Transport Is Changing Africa Faster Than Any Continent In Human History

Thirty-three planned and existing road and rail projects across Africa will help economic development but they’ll hurt African wildlife irreparably, according to a report in TheGuardian.

The economic development that comes with new African transportation corridors could destroy Africa’s savannahs and equatorial forests as people move into protected areas, according to a new study published in the journal Current Biology.

Proposals for African transport corridors range from building or upgrading major roads and railways across the Congo basin and east-west links in Southern Africa. One route is planned to link Port Harcourt in the Niger delta to Dakar, Senegal. Another would link Chad with Kenya.

Africa is experiencing a frenzy of mining activity with most of the investment coming from overseas, said Prof. William Laurance, an ecologist at James Cook University, Cairns, Australia, and the study’s lead author, TheConversation reported.

Even if a transport corridor is likely to yield only modest benefits for food production it may be very difficult for governments to say no to big mining investors and the billions of dollars of foreign investments pouring into Africa each year for mining, Laurance said.

New African road and rail corridors will open up sparsely populated areas to major development pressures and not all these regions will be suitable for agricultural production, the study said.

When completed, the 33 planned or existing corridors will cover more than 53,000 kilometers (33,000 miles). Collectively, the corridors will bisect over 400 protected areas.

Researchers mapped each corridor and estimated human occupancy (using the distribution of persistent night lights) and environmental values (endangered and endemic animals, plant diversity, critical habitats, carbon storage, and climate-regulation services) inside a 50-kilometer-wide band overlaid onto each corridor, according to CurrentBiology.

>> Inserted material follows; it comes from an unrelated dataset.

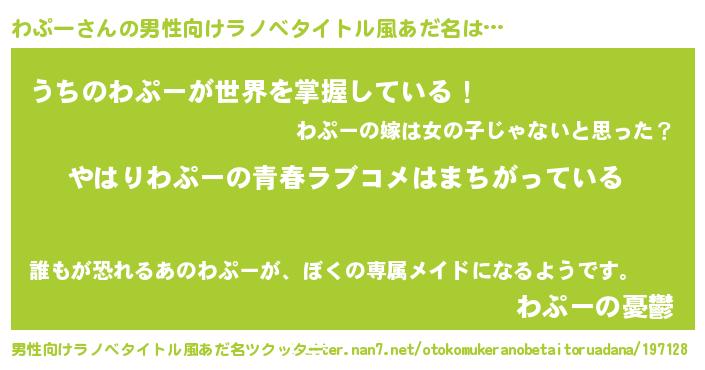 | ヒーロー風カッコイイあだ名 | 『ウルトラわぷーマン』『スーパーワプー』 |

Six of the 33 corridors are have been planned well with large benefits and limited environmental costs, the study said, according to TheGuardian. Another six risk damaging critical environments, especially rain forests in the Congo basin and West Africa and biologically rich equatorial savannah regions.

About 20 corridors need further evaluation. “If they do progress, it should only happen under the most stringent conditions,” Laurance said.

Researchers also assessed the potential for each corridor to increase agricultural production and concluded that many of the development corridors will result in irreversible environmental changes and some should be cancelled altogether.

Africa will likely become a global epicenter of environmental conflict, Laurance said.

The African transport projects have a variety of funding sources including African Development Bank, African and foreign governments, international donors and lenders, and commercial agricultural and mining interests. They’re intended to promote large-scale development and their scope is breathtaking.

“Africa is changing faster than any continent has ever changed in human history,” the study said. “A key priority in the coming decades will be increasing agricultural production and efficiency to improve food security and alleviate poverty for Africa’s rapidly growing population while harnessing the unprecedented scale of foreign investments focusing on land and natural-resource exploitation.